EXERCISE GOAL >> Copy every line of the following data that includes the string "have".

DATASET CONTENT >>

■ ■ ■ ■ ■

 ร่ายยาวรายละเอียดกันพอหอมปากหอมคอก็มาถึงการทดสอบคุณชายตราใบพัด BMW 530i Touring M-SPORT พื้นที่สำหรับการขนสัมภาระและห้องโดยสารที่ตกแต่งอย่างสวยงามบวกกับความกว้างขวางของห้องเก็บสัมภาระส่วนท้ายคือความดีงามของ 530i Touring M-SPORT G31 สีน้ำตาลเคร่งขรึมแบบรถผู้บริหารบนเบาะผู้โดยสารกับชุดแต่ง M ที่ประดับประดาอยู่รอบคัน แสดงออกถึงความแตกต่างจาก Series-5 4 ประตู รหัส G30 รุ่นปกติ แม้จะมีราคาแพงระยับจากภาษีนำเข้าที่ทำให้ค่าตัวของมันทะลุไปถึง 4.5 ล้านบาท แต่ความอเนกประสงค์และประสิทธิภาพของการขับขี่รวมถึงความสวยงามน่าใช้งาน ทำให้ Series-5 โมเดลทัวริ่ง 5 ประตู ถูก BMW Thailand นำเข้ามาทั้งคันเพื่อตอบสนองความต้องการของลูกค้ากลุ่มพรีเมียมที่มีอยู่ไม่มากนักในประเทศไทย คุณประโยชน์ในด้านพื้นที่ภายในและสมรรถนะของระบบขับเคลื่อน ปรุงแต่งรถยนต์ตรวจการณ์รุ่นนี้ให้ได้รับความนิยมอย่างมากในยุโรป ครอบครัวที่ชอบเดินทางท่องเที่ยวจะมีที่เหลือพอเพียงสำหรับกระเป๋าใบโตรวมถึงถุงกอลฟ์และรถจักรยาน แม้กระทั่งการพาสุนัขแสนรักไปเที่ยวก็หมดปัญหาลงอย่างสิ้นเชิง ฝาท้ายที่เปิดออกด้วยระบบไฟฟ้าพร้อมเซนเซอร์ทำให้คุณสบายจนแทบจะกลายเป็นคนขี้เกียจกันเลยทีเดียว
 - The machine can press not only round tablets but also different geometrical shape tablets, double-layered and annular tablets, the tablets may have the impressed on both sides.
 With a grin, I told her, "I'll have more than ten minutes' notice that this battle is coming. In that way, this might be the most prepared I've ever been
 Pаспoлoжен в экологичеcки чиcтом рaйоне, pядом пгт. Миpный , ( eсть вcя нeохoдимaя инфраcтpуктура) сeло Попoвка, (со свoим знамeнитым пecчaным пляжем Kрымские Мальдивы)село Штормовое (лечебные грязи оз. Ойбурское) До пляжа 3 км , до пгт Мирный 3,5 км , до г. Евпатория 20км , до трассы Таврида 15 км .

■ ■ ■ ■ ■

OUTPUT OF THE EXERCISE >>
 - The machine can press not only round tablets but also different geometrical shape tablets, double-layered and annular tablets, the tablets may have the impressed on both sides.
 With a grin, I told her, "I'll have more than ten minutes' notice that this battle is coming. In that way, this might be the most prepared I've ever been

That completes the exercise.